After a short wait for the next available boat, you then have another ticket ripped upon boarding.
Warning: Your bags may be placed on the roof of the boat. They do cover them but if there is rain they will get wet.
Before the boat leaves everyone has to put on a life jacket (a relatively new rule after an accident took place) and sign a waiver form (another form!).
This all takes much longer than you would expect and it is a relief to finally pull away from the dock for the boat ride.
Which will take all of five minutes!
Tricycle (Port -> Hotel)
Once you get off the boat there will be a line of tricycles waiting to take you to your hotel.
This will be the most expensive tricycle you will pay for on this trip (by a long way) but the fares are standardized (p120-p150)so you can have some confidence that you are not being ripped off.

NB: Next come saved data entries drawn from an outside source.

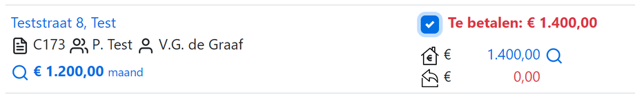Wanneer een huurder een betalingsachterstand heeft, wordt dit aangegeven d.m.v. "Te betalen". Zie hierna instructies voor het sturen van een betalingsherinning.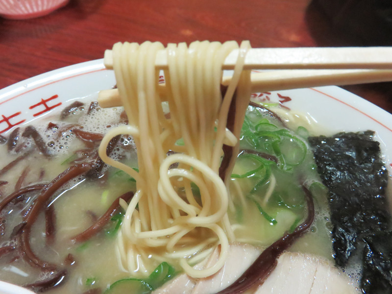 長浜ラーメンのお店ですが、長浜系にありがちな低下水率の麺のように粉っぽくなく、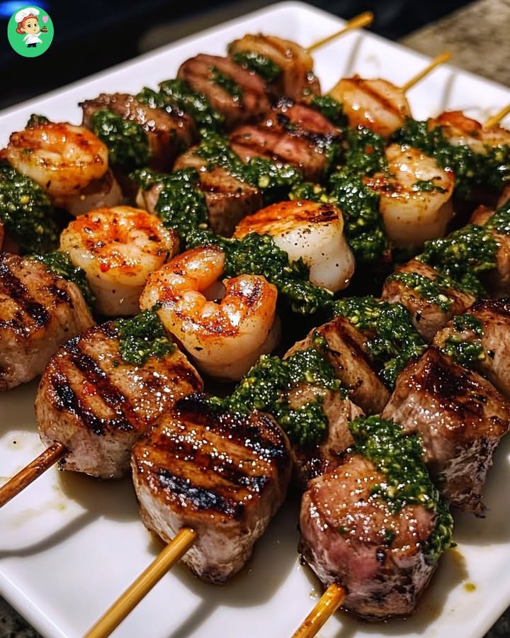 Zutaten:– 450 g Garnelen, geschält und entdarmt– 450 g Rindersteak (z. B. Sirloin), in 2,5 cm große Würfel geschnitten– 1 rote Paprika, in 2,5 cm große Stücke geschnitten– 1 grüne Paprika, in 2,5 cm große Stücke geschnitten– 1 Zwiebel, in 2,5 cm große Stücke geschnitten– 30 ml Olivenöl– Salz und Pfeffer nach Geschmack– 25 g … Read more
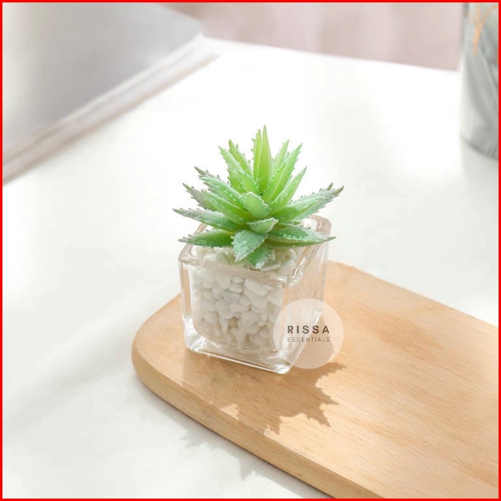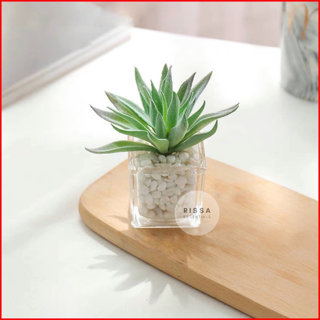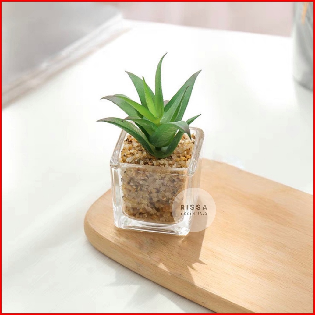 Rissa Mini Kaktus Palsu Pot Transparan Cactus Kecil Tanaman Palsu Dekorasi Tanaman Bunga Sintetis Dekorasi Rumah Propert

You can fit up to four people and luggage on a tricycle – but don’t expect a comfortable ride if you do!
The journey should take 10-20 minutes depending on which end of the island you are staying.
Sometimes longer if there is traffic and/or a flooded road. This happens a lot!
What I love about Boracay is the freedom to do as much or as little as you feel like it on the day.
There are so many possible activities that you will not get bored. But I found that most days I opted to eat, drink, and swim.
It is a relaxing tropical atmosphere that is a great escape from everyday life, that comes with most of the comforts that a westerner would be used to.
Do not expect this to be an authentic cultural Filipino experience. It is a tropical paradise that has been overrun with commerce – but it is what it is and I have always enjoyed visiting the island.